Post # 1
Anyone have experience in being sensitive to sharing pregnancy news with someone you know has suffered a miscarriage?
We are wanting to start telling our family, but I struggle with how to announce to my bil and sil, who lost their pregnancy last spring. I’d love to be able to do a big family announcement, but I question if that’s appropriate, given their loss.
I’d love any thoughts!
Post # 3
You can do a big family announcement if you want to but I would recommend telling them beforehand alone so that they have to process their own emotions without an audience.
Post # 4
I’ve never miscarried, but it’s taking us a really long time to conceive. Everybody’s going to be different, but I really prefer to find out about other people’s pregnancies via email or telephone. I still really want all my family and friends to only see me being happy for them. So email especially lets me read, process, be sad, and then when I see them in person, I’m able to be outwardly happy for them better.

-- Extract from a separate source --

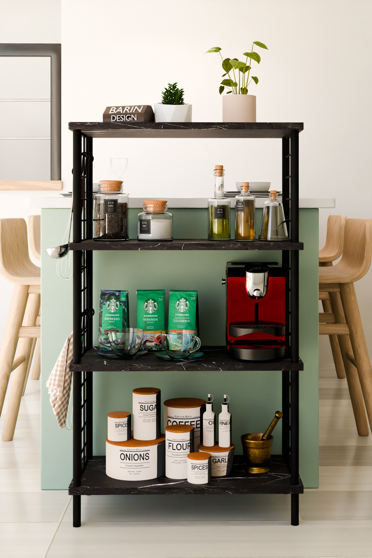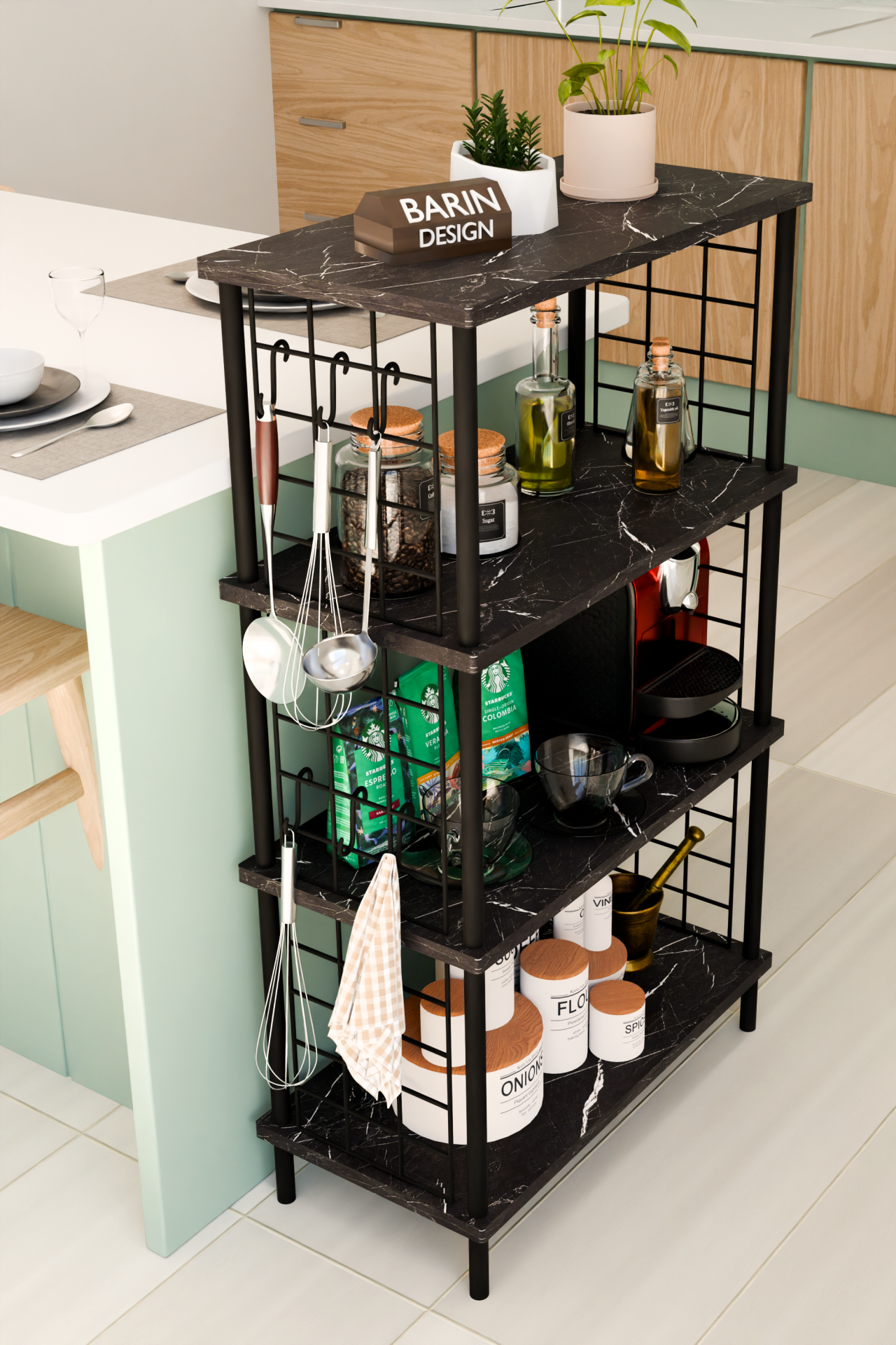 4 Katlı Metal Telli Raf Ünitesi Çevir Kur Sistemli Kahve Köşesi ve Mutfak Düzenleyici Raf Açık Dolap Siyah Mermer

But you know your family best. Some people might be offended that they weren’t told in person, so I dunno… I think just the fact that you’re trying to be sensitive is very thoughtful.
Post # 5
@Sea_bass: +1. I think this is a very considerate and thoughtful approach, and I’m sure they will appreciate being able to process it and their emotions without everyone around them being super excited. They are going to be thrilled for you, they just might need their personal moment to take it in first.
You are very kind to think of them and be so sensitive to their feelings. 🙂
Post # 6
I agree with PPs. It’s very considerate of you to think of them during this exciting time for you. Like the other bees have suggested, letting them know ahead of time and telling them when you intend to announce to the family will give them time to process it privately and not be surprised in the middle of a crowd.